The crisis management team, as part of its communications effort, also needed to ensure end-to-end connectivity between the MegaCenters and affected subscribers’ networks.
For the network systems engineers, this meant double-checking communications links, evaluating backup network solutions, reviewing network configuration changes, and the like. The team concerned itself not only with maintaining the appropriate communications links, but also with finding ways to reach key end-user locations. These tasks were performed for all customers who declared disasters, as well as for those who were on alert status, to ensure ongoing network connectivity. Meanwhile, the crisis management team remained in telephone contact with subscribers who had declared disasters and those who were on alert to assess their situations on an hour-by-hour basis.

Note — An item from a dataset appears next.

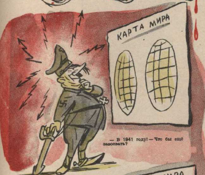
— В 1941 году! — Что бы еще завоевать?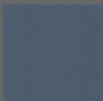
007 - Midnight Blue - LRV-12

This continuous contact is always crucial, especially during the early hours of a large regional disasters when rumors and half-truths abound, and when the situation is likely to be unstable. Regular phone calls—hourly during the first days of the disaster—were made and detailed logs of conversations were kept to ensure that no directive or request slipped through the cracks.
The Final Stretch
As the recovery efforts progressed and the flooding was controlled, the situation stabilized across the board. Many subscribers made the transition back to their home data centers, moving from disaster to alert status.
Because power instability was a continuing concern throughout the crisis, however, many subscribers remained on alert for almost two weeks . Finally, on Monday, April 27, at midnight, the last customer left the Chicago MegaCenter for its home base. The industry’s largest, most comprehensive business resumption effort was winding down.
Successfully enduring a regional disaster, whether a flood, hurricane, or earthquake, is by no means easy. Loss of power and communications, personnel deployment issues, scarce resources, inaccessibility to the affected area—all are additional problems that exacerbate the disaster situation.
While you cannot predict the outcome of these situations, you can mitigate their effect with the right mixture of preparation, coordination, and cooperation. When you can’t depend on luck—you have to depend on planning.
Robert Winkler is the Director of Operations at SunGard Recovery Services’ Chicago MegaCenter. Gene La Valle is Manager of Customer Support with SunGard Recovery Services Inc.
This article adapted from Vol. 5 #3.